France’s GDP declined 0.3 percent in the same period, the national statistics office said in Paris. The median projection in a Bloomberg survey had called for a 0.2 percent contraction. The combined economy of the 17 nations that use the euro shrank 0.6 percent over the three months through December.
Japan’s economy unexpectedly shrank last quarter, another release showed. GDP fell an annualized 0.4 percent, following a revised 3.8 percent drop in the previous quarter, the Cabinet Office said in Tokyo. The median forecast of economists had called for growth of 0.4 percent.
In the U.S., initial jobless claims decreased by 27,000 to 341,000 in the week ended Feb. 9, Labor Department figures showed. That was lower than the 360,000 average forecast of economists in a Bloomberg survey.
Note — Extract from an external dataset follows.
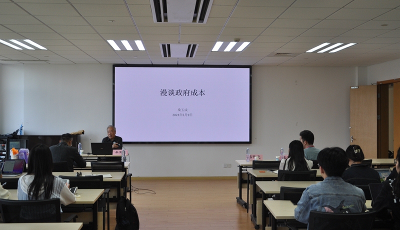 哲學與法政學院2022級政治學理論碩士研究生李智洋同學和2021級政治學理論碩士研究生張露同學分別從政府的制度成本,以及政府的必要成本和可能成本等議題請教桑玉成教授。桑玉成教授則從政府成本進一步細化、政府必要職能認定等角度進行解答和進一步闡釋。

Amec sank 7.3 percent to 1,042 pence as the company said in a statement that it has completed a 400 million-pound ($620 million) share-buyback program. The oil and gas engineer also said its order book at the end of 2012 stood at 3.6 billion pounds, compared with 3.7 billion pounds a year earlier.
Carnival slipped 2.9 percent to 2,500 pence, its biggest drop since Dec. 20, after saying a fire on the Triumph cruise ship will lower its earnings by 8 cents to 10 cents a share in the first half of 2013.
Britvic Plc slid 7.1 percent to 390 pence after the U.K. distributor of Pepsi was downgraded to sell and underweight, respectively, at Societe Generale SA and JPMorgan Chase & Co. and to equal weight, the equivalent of neutral, at Barclays Plc.
The brokerages lowered their recommendations as A.G. Barr Plc called off its planned acquisition of Britvic yesterday after the Office of Fair Trading referred the deal to the Competition Commission. The OFT said the proposed takeover might reduce competition in the soft-drinks market. A.G. Barr, which makes Irn-Bru and Orangina, slipped 2.5 percent to 502.5 pence.
Man Group climbed 2.3 percent to 111.1 pence, its highest price in 10 months, amid reports the company may be bought. Britain’s biggest publicly traded hedge fund was the subject of a “vague bid rumor,” according to the Independent. The Daily Mail also said the company may become a target. Neither newspaper identified the source of the information.
Next Plc added 1.2 percent to 4,182 pence as HSBC Holdings Plc upgraded the shares to overweight from neutral, meaning that investors should own more of the shares than are represented in benchmark indexes. The brokerage cited the clothing retailer’s superior cost management compared with its peers.
The volume of shares changing hands on FTSE 100-listed companies was 9.1 percent greater than the average of the last 30 days, according to data compiled by Bloomberg.